I kept to myself mostly, though other passengers occasionally tried to strike up conversations. An elderly woman in Chicago offered me homemade cookies and asked if I was visiting family in Maine. A college student in Denver shared his phone charger and told me about the classes he was taking.

Normal people living normal lives, completely unaware that the exhausted-looking girl in the back of the bus was a rejected wolf shifter carrying an unwanted child.

They're kind, Sapphire observed after the third person had offered to help me with something. Humans can be kind without expecting anything in return.

It was a revelation that surprised me. In the pack, kindness always came with obligations, with hierarchy and expectations. These strangers helped me simply because I looked like I needed help.

By the second night, I was running dangerously low on money. I bought a package of crackers and a bottle of water for dinner, rationing what little I had left. The morning sickness wasn't helping—what little food I managed to eat often came back up within an hour, leaving me weak and dizzy.

"You okay, hon?" asked the bus driver during a rest stop outside Boston. He was a middle-aged man with kind eyes and a Boston accent. "You look a little green around the gills."

"Just tired," I said, not wanting to explain about the pregnancy. "How much further to Crescent Bay?"

"About two hours once we get back on the road," he said. "You got family waiting for you there?"

I shook my head. "Looking for work."

He studied my face for a moment, taking in my pale complexion and the duffel bag that held my entire life. "Rita's Diner is always looking for good help," he said finally. "Right on Main Street when you get off the bus. Tell her Frank sent you."

"Thank you," I said, meaning it more than he could know.

Two hours later, the bus pulled into Crescent Bay.

The town was smaller than I'd expected, with weathered buildings that looked like they'd been fighting the salt air for decades.

The harbor was visible from the bus station, filled with fishing boats and seagulls calling to each other over the water.

It was nothing like the forested mountains of home, but something about the wild, untamed feeling of the ocean called to my wolf. This was a place where we could disappear, where we could start fresh.

A new start, Sapphire said with the first hint of hope I'd felt from her since the rejection.

I shouldered my duffel bag and walked down Main Street, looking for Rita's Diner.

The town was quiet in the late afternoon, with only a few people walking the sidewalks and the occasional car passing by.

Everyone I saw looked like they belonged here, like they had roots that went deep into the rocky Maine soil.

I found the diner easily enough—a small building with cheerful blue shutters and a hand-painted sign that had seen better days.
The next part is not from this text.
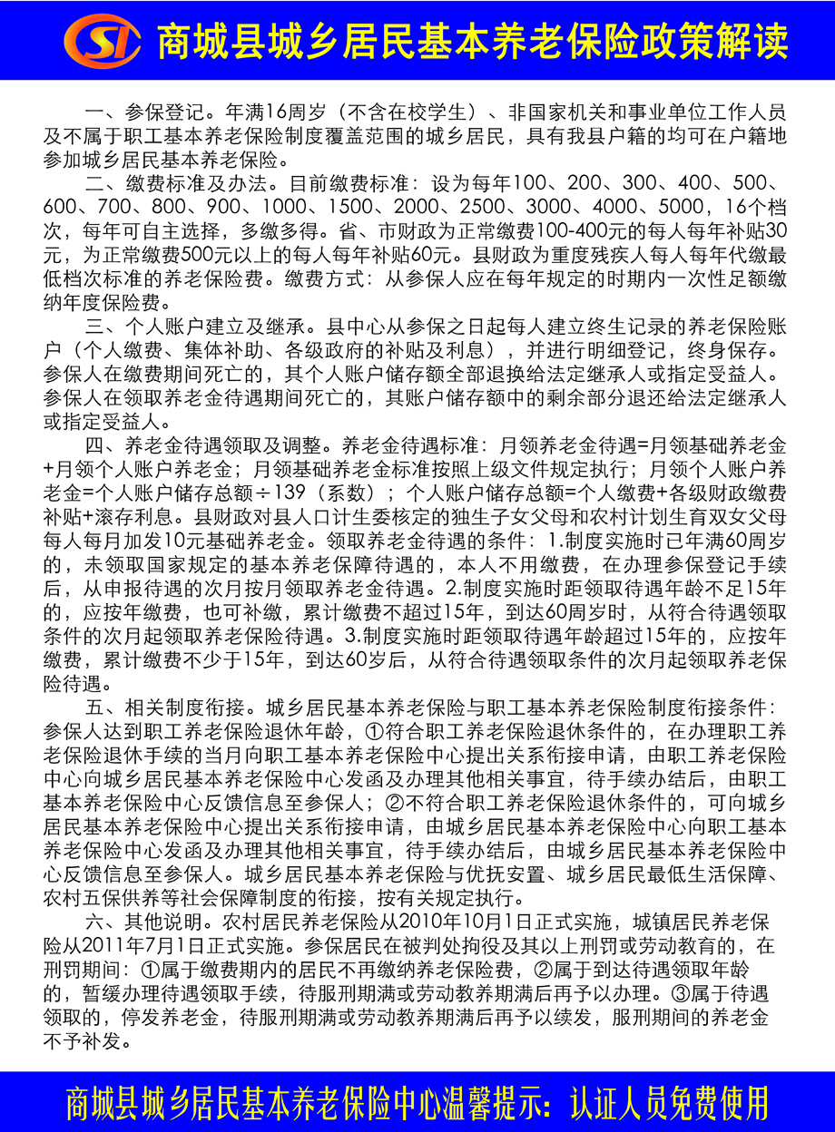 商城县城乡居民基本养老保险政策解读

Through the windows, I could see mismatched tables and chairs, and a woman with graying hair pulling coffee orders behind the counter.

Are you ready for this? Sapphire asked.

"No," I said honestly. "But we don't have a choice."

I pushed open the door, causing a small bell to chime overhead. The woman behind the counter looked up, her sharp blue eyes taking in my appearance with the practiced assessment of someone who'd seen all kinds of people pass through her establishment.

"Help you, hon?" she asked.

"Are you Rita?" I asked, my voice barely above a whisper.

"That's me. Rita O'Brien, owner and operator of this fine establishment." Her voice carried a hint of Irish accent that softened the edges of her words. "What can I do for you?"

"Frank, the bus driver, said you might be looking for help," I said. "I'm looking for work."

Rita set down the coffee pot she'd been holding and studied me more carefully. I could see her taking in my pale face, my too-thin frame, the duffel bag that held everything I owned.